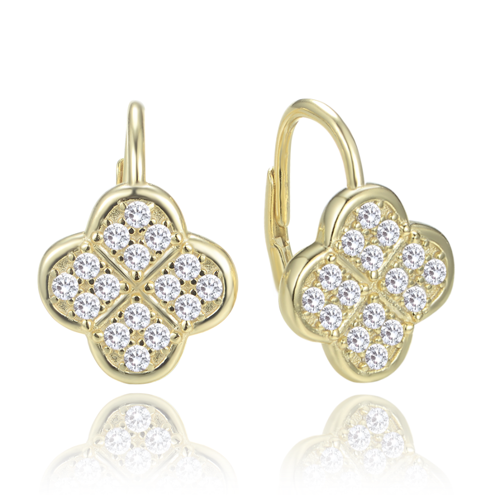 MINET Pozłacane srebrne kolczyki koniczyna z białymi cyrkoniami
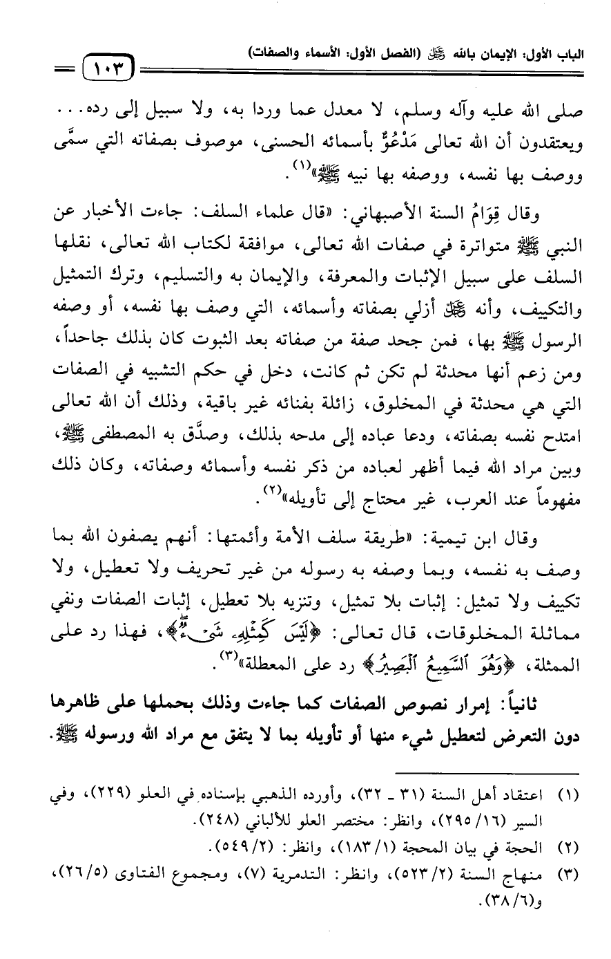 ثانيًا: إمرار نصوص الصفات كما جاءت وذلك بحملها على ظاهرها دون التعرض لتعطيل شيء منها أو تأويله بما لا يتفق مع مراد الله ورسوله -صلى الله عليه وسلم-.
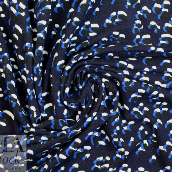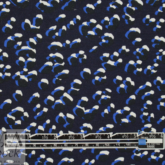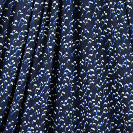 From France, this is a fabulous viscose/elastic 4-way stretch knit, lightweight yet opaque, with lovely drape and a very soft hand. The print is a versatile, small scale confetti motif in midnight-black, cobalt and soft white (PANTONE 19-4053, 19-4010). 35% stretch in the width, 20% in the length, with great recovery. Great for tees, tops, tunics, etc. Test first if you would like to hand or machine wash, and hang to dry.

◆ Try it
Every line of the data should be copied as it stands, without the images.

◆ Answer box
 MINET Pozłacane srebrne kolczyki koniczyna z białymi cyrkoniami
 ثانيًا: إمرار نصوص الصفات كما جاءت وذلك بحملها على ظاهرها دون التعرض لتعطيل شيء منها أو تأويله بما لا يتفق مع مراد الله ورسوله -صلى الله عليه وسلم-.
 From France, this is a fabulous viscose/elastic 4-way stretch knit, lightweight yet opaque, with lovely drape and a very soft hand. The print is a versatile, small scale confetti motif in midnight-black, cobalt and soft white (PANTONE 19-4053, 19-4010). 35% stretch in the width, 20% in the length, with great recovery. Great for tees, tops, tunics, etc. Test first if you would like to hand or machine wash, and hang to dry.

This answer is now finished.